*** Source data

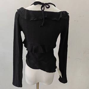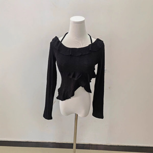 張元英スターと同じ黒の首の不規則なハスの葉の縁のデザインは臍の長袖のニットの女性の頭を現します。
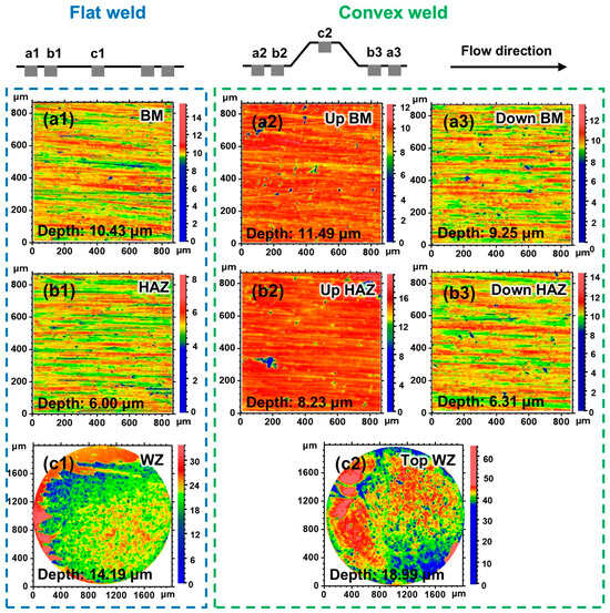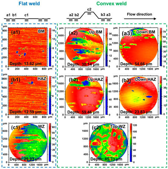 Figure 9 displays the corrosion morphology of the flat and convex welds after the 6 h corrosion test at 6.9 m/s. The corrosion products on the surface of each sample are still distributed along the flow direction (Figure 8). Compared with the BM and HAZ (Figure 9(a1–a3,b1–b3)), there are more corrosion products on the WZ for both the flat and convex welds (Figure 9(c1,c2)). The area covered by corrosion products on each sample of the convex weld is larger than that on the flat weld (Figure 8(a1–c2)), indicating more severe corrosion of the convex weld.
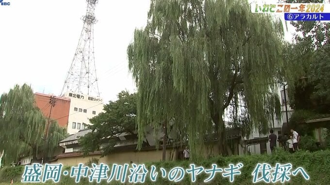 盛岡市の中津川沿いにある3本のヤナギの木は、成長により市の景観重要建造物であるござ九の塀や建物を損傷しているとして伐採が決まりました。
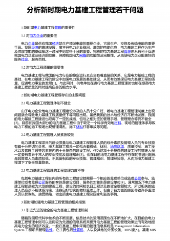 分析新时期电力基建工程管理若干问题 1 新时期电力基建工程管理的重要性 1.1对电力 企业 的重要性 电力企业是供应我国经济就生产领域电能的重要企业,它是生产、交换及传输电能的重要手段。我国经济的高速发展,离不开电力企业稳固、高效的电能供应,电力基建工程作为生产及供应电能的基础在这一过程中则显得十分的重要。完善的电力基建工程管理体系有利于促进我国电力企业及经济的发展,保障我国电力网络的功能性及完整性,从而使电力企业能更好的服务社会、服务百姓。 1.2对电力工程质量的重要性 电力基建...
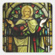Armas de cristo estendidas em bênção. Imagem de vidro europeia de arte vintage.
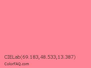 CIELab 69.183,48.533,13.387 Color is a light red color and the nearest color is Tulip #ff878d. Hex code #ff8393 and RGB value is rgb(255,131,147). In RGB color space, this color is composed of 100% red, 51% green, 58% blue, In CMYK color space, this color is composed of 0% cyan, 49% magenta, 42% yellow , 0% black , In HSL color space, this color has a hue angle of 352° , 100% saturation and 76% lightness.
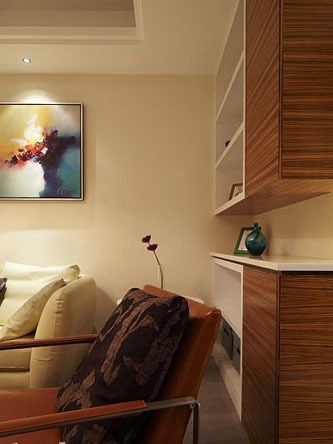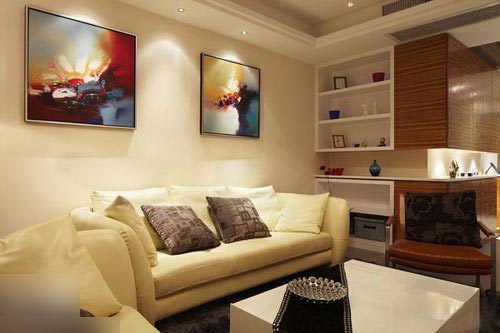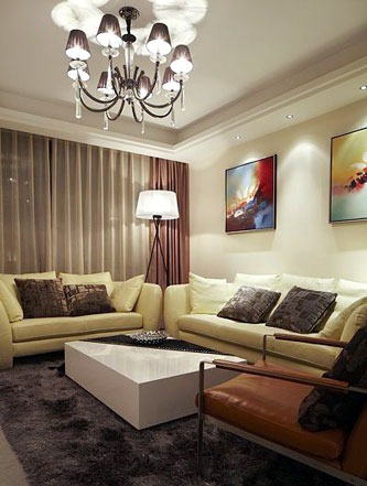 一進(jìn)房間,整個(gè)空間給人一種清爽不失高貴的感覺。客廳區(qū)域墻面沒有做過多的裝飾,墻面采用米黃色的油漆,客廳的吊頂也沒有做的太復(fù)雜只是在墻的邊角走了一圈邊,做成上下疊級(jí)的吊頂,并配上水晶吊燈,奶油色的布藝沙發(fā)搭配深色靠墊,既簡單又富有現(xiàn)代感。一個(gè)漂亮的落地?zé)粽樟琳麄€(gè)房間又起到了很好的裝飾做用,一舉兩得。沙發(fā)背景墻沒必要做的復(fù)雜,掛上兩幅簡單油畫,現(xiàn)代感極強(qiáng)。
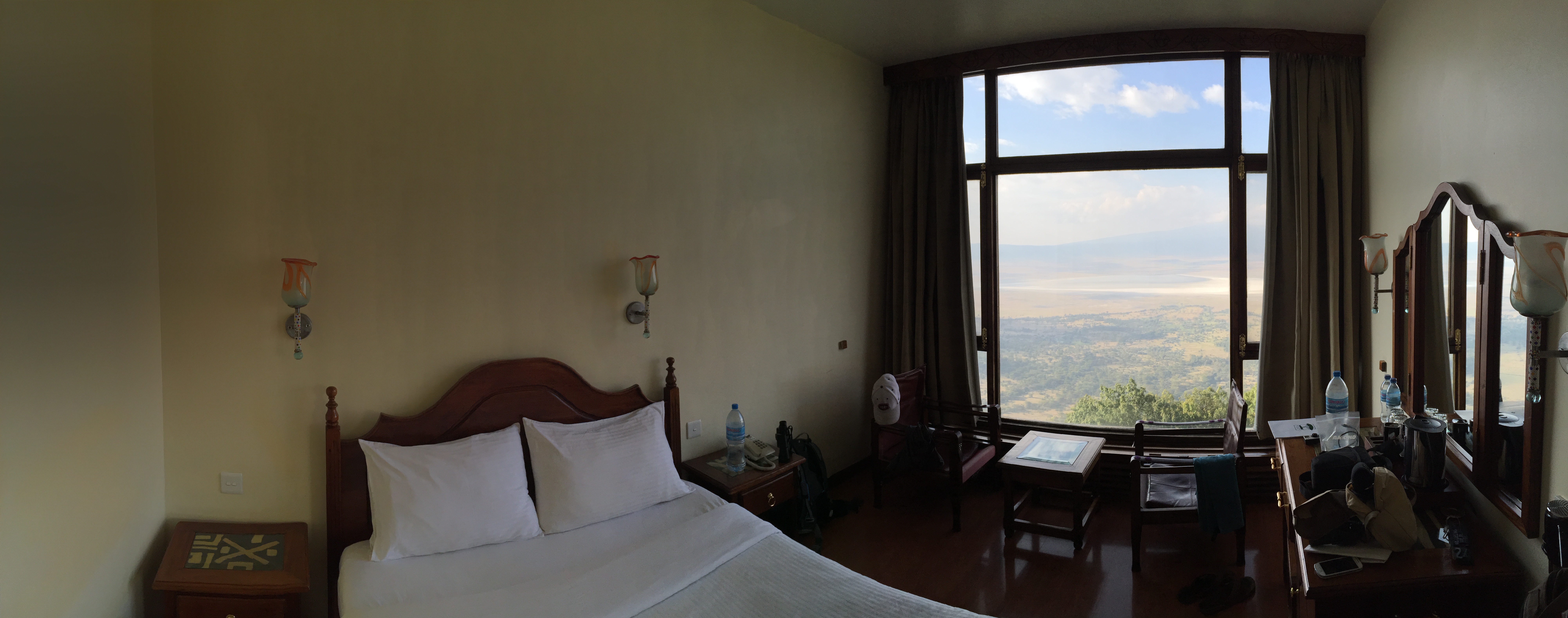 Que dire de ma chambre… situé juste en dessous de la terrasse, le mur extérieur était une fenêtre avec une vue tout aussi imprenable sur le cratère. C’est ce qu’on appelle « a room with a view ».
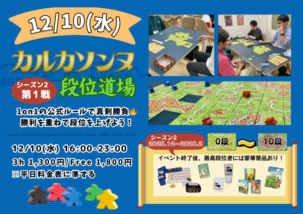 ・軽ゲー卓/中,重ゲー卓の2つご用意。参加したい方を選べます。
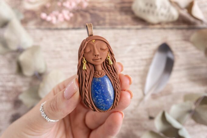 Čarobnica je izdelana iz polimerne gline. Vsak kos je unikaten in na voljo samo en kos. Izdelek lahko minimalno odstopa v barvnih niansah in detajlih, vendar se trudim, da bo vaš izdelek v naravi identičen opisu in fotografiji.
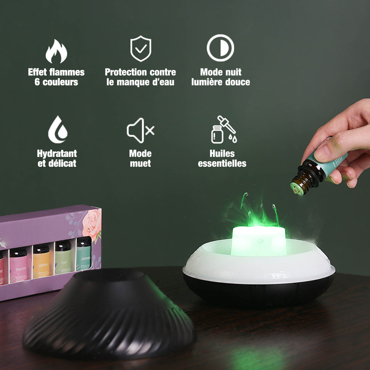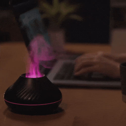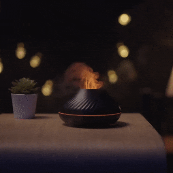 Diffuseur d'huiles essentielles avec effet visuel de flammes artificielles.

******

§ **Exercise brief**: Give back, unaltered, each line of the listing from the first to the line that contains "Armas de cristo", leaving every picture out.

§ **Exercise answer**:
 張元英スターと同じ黒の首の不規則なハスの葉の縁のデザインは臍の長袖のニットの女性の頭を現します。
 Figure 9 displays the corrosion morphology of the flat and convex welds after the 6 h corrosion test at 6.9 m/s. The corrosion products on the surface of each sample are still distributed along the flow direction (Figure 8). Compared with the BM and HAZ (Figure 9(a1–a3,b1–b3)), there are more corrosion products on the WZ for both the flat and convex welds (Figure 9(c1,c2)). The area covered by corrosion products on each sample of the convex weld is larger than that on the flat weld (Figure 8(a1–c2)), indicating more severe corrosion of the convex weld.
 盛岡市の中津川沿いにある3本のヤナギの木は、成長により市の景観重要建造物であるござ九の塀や建物を損傷しているとして伐採が決まりました。
 分析新时期电力基建工程管理若干问题 1 新时期电力基建工程管理的重要性 1.1对电力 企业 的重要性 电力企业是供应我国经济就生产领域电能的重要企业,它是生产、交换及传输电能的重要手段。我国经济的高速发展,离不开电力企业稳固、高效的电能供应,电力基建工程作为生产及供应电能的基础在这一过程中则显得十分的重要。完善的电力基建工程管理体系有利于促进我国电力企业及经济的发展,保障我国电力网络的功能性及完整性,从而使电力企业能更好的服务社会、服务百姓。 1.2对电力工程质量的重要性 电力基建...
Armas de cristo estendidas em bênção. Imagem de vidro europeia de arte vintage.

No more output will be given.